For TAR format no need to mention table-space remapping, it will be create number of files based on number of table-spaces.

$ pwd
/var/lib/pgsql/backup
$ pg_basebackup -D /var/lib/pgsql/backup/ -X fetch -Ft -P
229206/229206 kB (100%), 2/2 tablespaces

$ ls -ltr
total 229212
-rw-------. 1 postgres postgres     19968 Dec 29 10:23 24634.tar
-rw-------. 1 postgres postgres 234689536 Dec 29 10:23 base.tar
$ pwd
/var/lib/pgsql/backup

================================
Restore from Full Backup
================================

[postgres@example02 backup]$ tar -xvf base.tar
[postgres@example02 backup]$ rm base.tar

[postgres@example02 backup]$ tar -xvf 16613.tar
PG_12_201909212/

[postgres@example02 backup]$ cat tablespace_map
16613 /var/lib/pgsql/hr_tbs_new


update tablespace_map file wit new table space location.
change port in postgresql.conf file of backup directory.

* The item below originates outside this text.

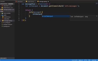 In the previous lesson, we changed our markup so that we have essentially 2 columns. On the left hand side we have our form, which leaves us this area on the right for displaying messages. And the great thing is we have a variety of different types of messages to display. We can have informational like whenever the user focuses on any one of these fields. We can have some informational messages. And if validation failed for any one of these fields, we can display the validation errors. We can even have our application errors, over on the right hand side as well. Because there's no guarantee that whenever we click on the submit button, that the HTTP request will actually succeed, it could fail, but we could also display a success message. So, this gives us a lot of options to enhance the user experience. And in terms of code, I am thinking, that we need some way to display these different types of messages. So I want to create a separate object one that's going to represent this message pane, if you will. And this message pane will have multiple methods for the different types of messages because who knows we might want to display those messages in a slightly different way. So let's start by creating a new file. Now I want to put this inside of a new file because while it could be considered that this is part of the email form I'm thinking of this as being a completely separate entity. This is a message pane. And plus I don't want to clutter up our email form file. So let's create a new file. Let's call it message pane. And let's go ahead and include this inside of our HTML. Now since this is essentially a dependency for our email form, we should list this before the email form. So we will have message pane listed first. And then we will have our email form. And this is going to allow us to have an object that we can then pass to this immediately invoked function. So, let's say that we're going to have this global variable called messagePane. And then inside of this immediately invoked function we can actually refer to that much shorter like msg, so that whenever we focus any one of these form fields, we can say msg. And then, you now call an info method, and then pass in the message that we wants to display. So let's implement that. Let's get to our message pane. We will start with our variable and we will use an immediately invoked function. Just like we did before, but this is going to return an object. And since we already know that we need an info method, we'll just have our info message. And then we will have the code that's going to actually run write that message to our messagePane. And so we need an element that's going to be used for displaying those messages. So let's go to this second column. And let's add a div element that has an id of info-messages. So the idea is that this is where we are going to put all of our informational messages. And so instead of our email form or not our email form instead of our messagePane, we are going to retrieve that element. Let's call it infoOutput. And we will use getElementby id in order to retrieve that element. And then for right now, let's just use inner html. And, because that's the easiest thing to do, and only does that replace whatever was currently inside of the elements but it also gives us the ability to set, the new content there. So and now, whenever we focus on any one of these fields we should see a message pop up. Let's do a refresh here. And we're not seeing anything. Let's make sure that code is saved. It is so what's the big deal? Let's take a look at a console. Let's see if we are getting any errors and we are. GetElementsById. That is not a valid method, so there we go, that should fix that and whenever we focus there, we can see our message. I don't want that all the way at the top, though, so let's add some style here. If we're going to do this correctly, then we of course would want to put this inside of a class or something to set these styles and then apply that class here. But I'm just going to take the easy way out. Let's add some padding to the top. And actually, let's just add some padding all the way around. And let's do five pixels. We'll see what that looks like. So that's whenever we focus here, and that's a little bit better, and we can go with that. All right, so now we just need to be able to display different messages for these fields. And one of the easiest things to do is to just include that here with our markup, because we have the ability to use custom attributes that begin with data. So we can say data-info that will be for our info messages and we could have something generic like, Please into your name, but lets do something a little more fun like, Who are you. And then for the email address, I don't know we could do something like, the better to respond to you with. That's at least a little bit more creative. And then for the message, what can we do there?. I guess we could just say something like what's on your mind or something along those lines. So that this is the information that we will grab inside of our input event listener and then we will pass that on to our message pane object. So we already have that code boiler plated out we just need to retrieve our message. And that's going to be very easy because we have the targets of the event which is the actual field that we are focusing on. And then we can use the getAttributes data-message or no, data info. In this particular case, that's going to grab that value, and then that's going to pass that on to our message pane so that we will see our messages being displayed? Now we are handling the blur event as well. And while we technically don't need to because we can see that this works just fine. Whenever we blur out of one of these fields We still see the last message that was written to our message pane. And I don't want that. I want that to clear out because that could be a little confusing for the end user. So for the blur event, we wi

[postgres@example02 backup]$ chmod 0700 /var/lib/pgsql/backup/

[postgres@example02 backup]$ pg_ctl -D /var/lib/pgsql/backup start
waiting for server to start....    3372 2019-12-24 17:58:55 PST  1LOG:  starting PostgreSQL 12.0 on x86_64-pc-linux-gnu, compiled by gcc (GCC) 4.8.5 20150623 (Red Hat 4.8.5-4), 64-bit
    3372 2019-12-24 17:58:55 PST  2LOG:  listening on IPv6 address "::1", port 5433
    3372 2019-12-24 17:58:55 PST  3LOG:  listening on IPv4 address "127.0.0.1", port 5433
    3372 2019-12-24 17:58:55 PST  4LOG:  listening on IPv4 address "192.168.38.132", port 5433
    3372 2019-12-24 17:58:55 PST  5LOG:  listening on Unix socket "/tmp/.s.PGSQL.5433"
    3372 2019-12-24 17:58:55 PST  6LOG:  redirecting log output to logging collector process
    3372 2019-12-24 17:58:55 PST  7HINT:  Future log output will appear in directory "log".
 done
server started
[postgres@example02 backup]$ ps -ef|grep postgres
root       2815   2784  0 16:47 pts/0    00:00:00 su - postgres
postgres   2816   2815  0 16:47 pts/0    00:00:00 -bash
postgres   2851      1  0 16:47 ?        00:00:00 /usr/local/pgsql/bin/postgres
postgres   2852   2851  0 16:47 ?        00:00:00 postgres: logger
postgres   2854   2851  0 16:47 ?        00:00:00 postgres: checkpointer
postgres   2855   2851  0 16:47 ?        00:00:00 postgres: background writer
postgres   2856   2851  0 16:47 ?        00:00:00 postgres: walwriter
postgres   2857   2851  0 16:47 ?        00:00:00 postgres: stats collector
postgres   2858   2851  0 16:47 ?        00:00:00 postgres: logical replication launcher
postgres   3372      1  0 17:58 ?        00:00:00 /usr/local/pgsql/bin/postgres -D /var/lib/pgsql/backup
postgres   3373   3372  0 17:58 ?        00:00:00 postgres: logger
postgres   3375   3372  0 17:58 ?        00:00:00 postgres: checkpointer
postgres   3376   3372  0 17:58 ?        00:00:00 postgres: background writer
postgres   3377   3372  0 17:58 ?        00:00:00 postgres: walwriter
postgres   3378   3372  0 17:58 ?        00:00:00 postgres: stats collector
postgres   3379   3372  0 17:58 ?        00:00:00 postgres: logical replication launcher
postgres   3380   2816  0 17:59 pts/0    00:00:00 ps -ef
postgres   3381   2816  0 17:59 pts/0    00:00:00 grep --color=auto postgres
[postgres@example02 backup]$


Now 2 instances running in the same server.
with same binaries, different data directories, different ports we can start number of instances.

[postgres@example02 backup]$ psql -p5433
psql (12.0)
Type "help" for help.

postgres=# show data_directory;
    data_directory
-----------------------
 /var/lib/pgsql/backup
(1 row)

postgres=#


[postgres@example02 backup]$ pg_ctl -D /var/lib/pgsql/DATA/ status
pg_ctl: server is running (PID: 2851)
/usr/local/pgsql/bin/postgres
[postgres@example02 backup]$ pg_ctl -D /var/lib/pgsql/backup/ status
pg_ctl: server is running (PID: 3372)
/usr/local/pgsql/bin/postgres "-D" "/var/lib/pgsql/backup"
[postgres@example02 backup]$


Anywhere backup strategy will be physical only. daily full backup. 
There is no incremental concept in PostgreSQL.
They will schedule script to create folder before backup with the date.